Doesn’t Get The Tall And The Short Of It

, , , , | Right | April 1, 2019

(I work as a ride operator at a theme park, and one of my duties is to height-check and make sure the guests are tall enough to go on the ride. At the beginning of the line are two girls, presumably sisters. One of them is tall enough, but the other one isn’t. Her mother is watching nearby and is wondering why I don’t let the little girl in. I explain, to which she responds.)

Mother: “I don’t understand.”

(I explain again, but she still doesn’t understand. It happens a couple more times, and even the guests in line try to tell her straight up. All of a sudden, she gets all snotty and sneers.)

Mother: “Then what you do is send her out of the line. Not that hard to do.”

(Lady, you were having trouble understanding that your child was too short to ride, to begin with. Apparently, that WAS hard to do.)

No Movie Magic To Rescue You Here

, , , , , , | Learning | March 27, 2019

I am in sixth grade when this happens and we are doing end-of-year testing in our first-period classes. I am very happy with this because my first-period class is Intro to Spanish, which is taught by a very nice teacher. The first day of testing goes by without any problems, but when I get to class the second day, I find out that my Spanish teacher is gone and my math teacher will be supervising us in her place.

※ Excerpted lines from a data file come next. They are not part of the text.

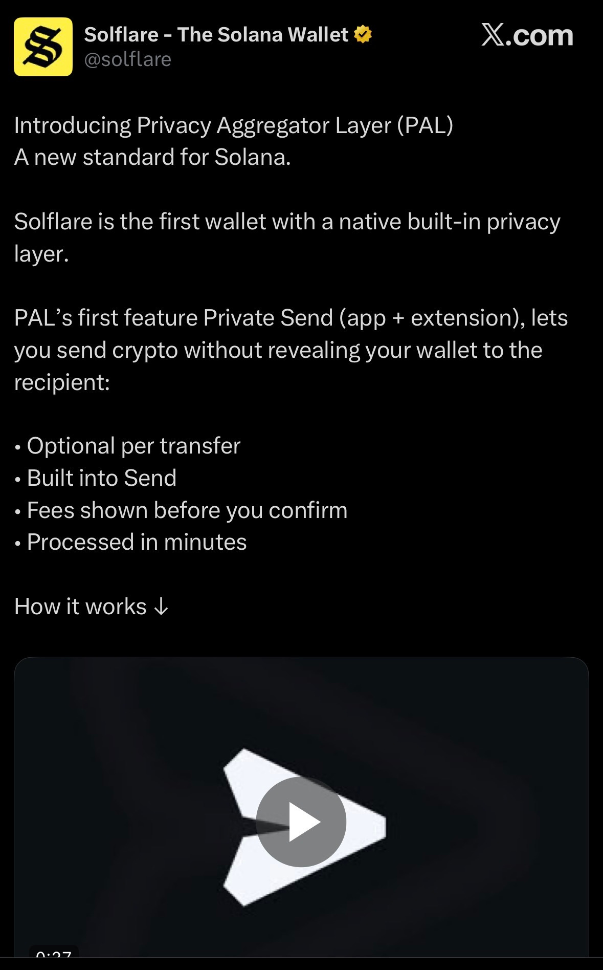 Solflare launched Privacy Aggregator Layer (PAL), enabling private crypto transfers
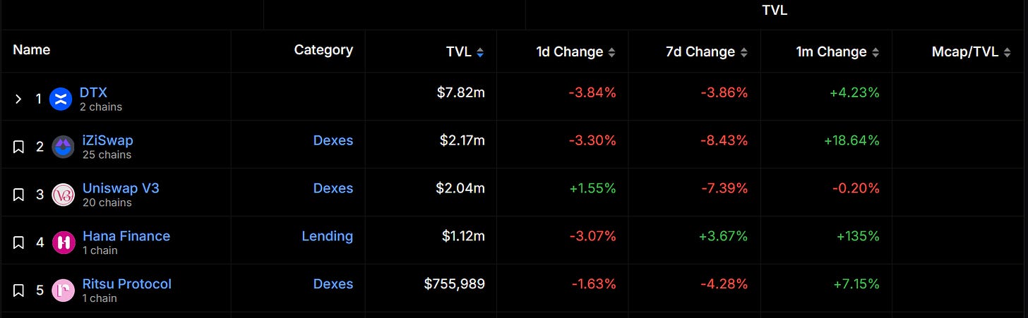 据 DeFiLlama 数据显示,Taiko 目前总锁仓价值排名前三的项目分别为去中心化永续交易平台 DTX、iZUMi Finance 旗下多链 DEX 平台 iZiSwap 及 Uniswap V3。总体来看,Taiko 生态项目 TVL 均不高,且 DTX 占据了较为显著的市场份额。
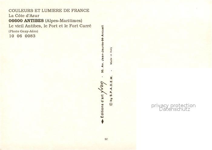 13223052 Antibes Alpes Maritimes Fliegeraufnahme Port et Fort Carré postalisch nicht gelaufen Erhaltung siehe scans [LiesaD40] KatCode: 11170006106004
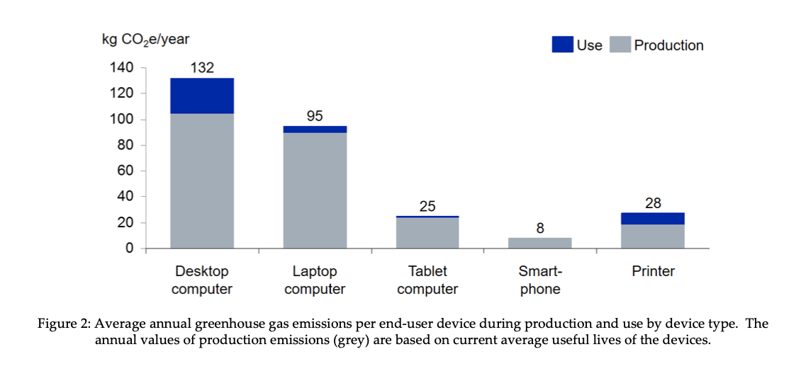 Devices like computers and smartphones must be built and (eventually) destroyed, leading to embedded carbon (for production, maintenance, and dismantling) and carbon emissions during actual usage. As you can see from the drawing below, production takes up the bulk of the emissions.
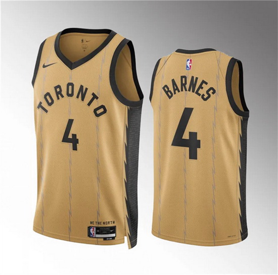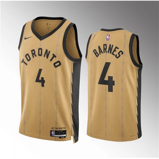 Home>NBA>Toronto Raptors>Men>Men Toronto Raptors 4 Scottie Barnes Gold 2023 24 City Edition Stitched Basketball Jersey
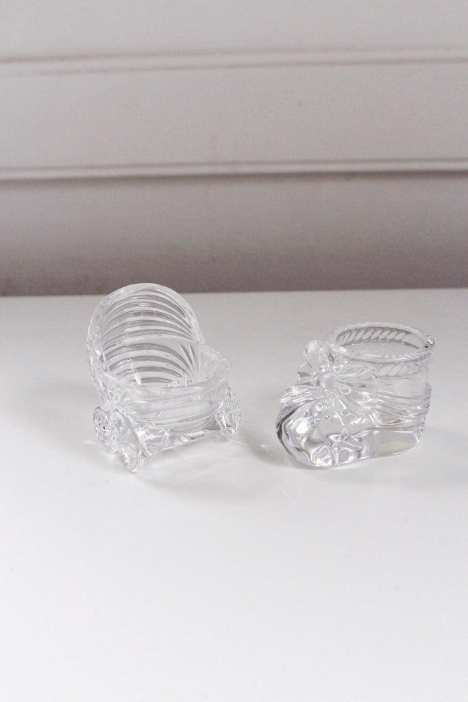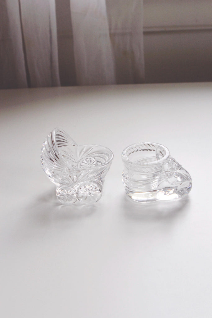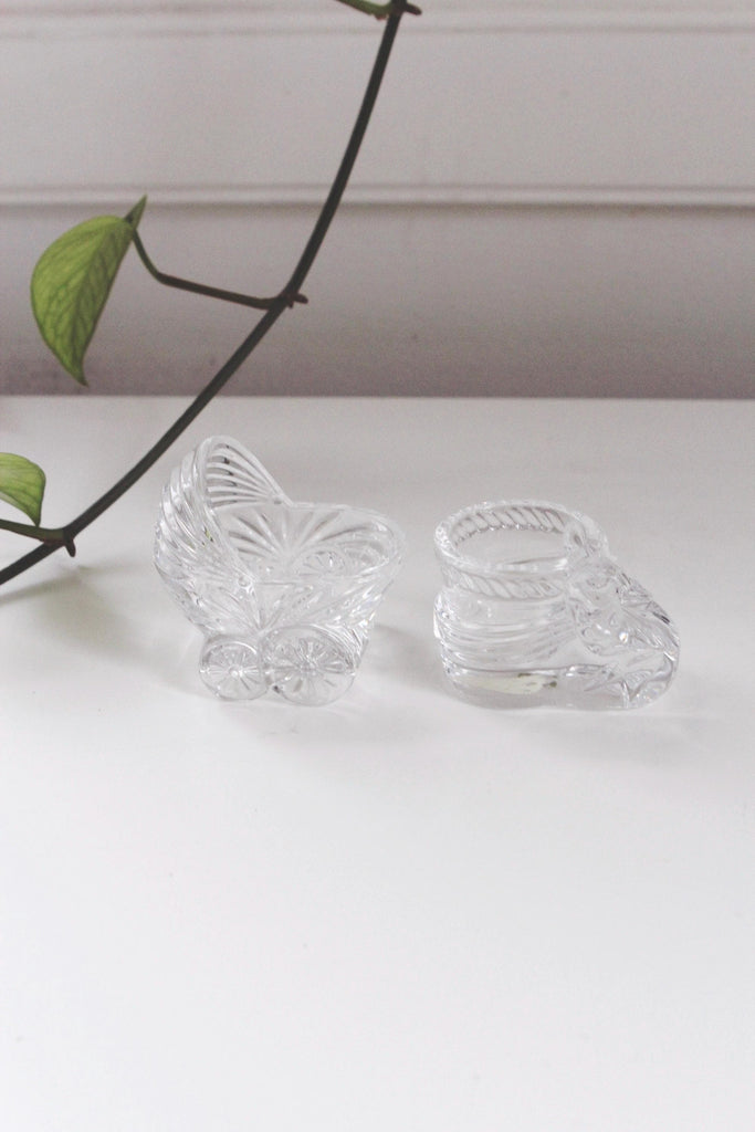 These are vintage crystal collectibles, a baby carriage and a baby bootie, often produced by Princess House in the 1970s and 1990s.

My math teacher that year is not overly sadistic, but he acts like he knows everything and that the people who taught us math in elementary school are idiots. He is also the type who picks favorites, gives us only three bathroom passes per trimester — using any more gets you a lunch detention — forbids any socializing at all during regular class time — for example, if you turn around in your chair you get lunch detention –and gives you lunch detention if you needlessly disrupt class more than three times a week. His classes can be fun sometimes, and he does teach useful stuff, which makes me feel kind of guilty for disliking him, but I just do not like him at all.

During the time period where everyone is working on the huge test we are fine, but when everyone is finished, he decides to turn on a movie. The movie that he chooses is one that I have recently seen and I am terrified of because a scene involves something I have a phobia of, so I go to ask him if we can change the movie because I’m scared of watching it. He refuses. I keep asking him, but he keeps refusing and turns on the movie. I get multiple questions about why the movie scares me on my way back to my seat and I simply answer by saying that there is a scene that really scares me. Fast forward a bit, and we’re almost at the part that terrifies me. Because it’s close to the end of class, I ask to use the bathroom and get permission to leave the classroom. I spend the rest of the class in the bathroom. Faith in humanity crushed.

The next day, my Spanish teacher is back and, since the class is done with the test, she goes to turn on a movie. I ask her if we can switch to a different movie, and when she asks me why, I explain and some of my classmates explain how scared I looked while the movie was on and how I had to go to the bathroom to calm down. This catches me off guard because middle schoolers aren’t usually the kindest and because I’m probably the least popular person in the class. The teacher agrees to not watch the movie and chooses a different one, which I enjoy.

Then, when class is about to end, I am handed a small hall pass that is only issued for when students need to serve lunch detentions. I see that the room I’m supposed to go to for lunch detention is the one my math teacher’s class is in, so at lunch, I go in and ask my math teacher why I have lunch detention. He tells me that it’s because I used up my three bathroom passes for his class for the trimester and that I used a fourth the day before. He gave me a lunch detention because I used the bathroom in a class that wasn’t even his. Faith in humanity crushed again. I serve the lunch detention and go on my way, wondering how my math teacher could possibly think this was acceptable, but as I write this I wonder if he gave me lunch detention because I didn’t want to watch the movie.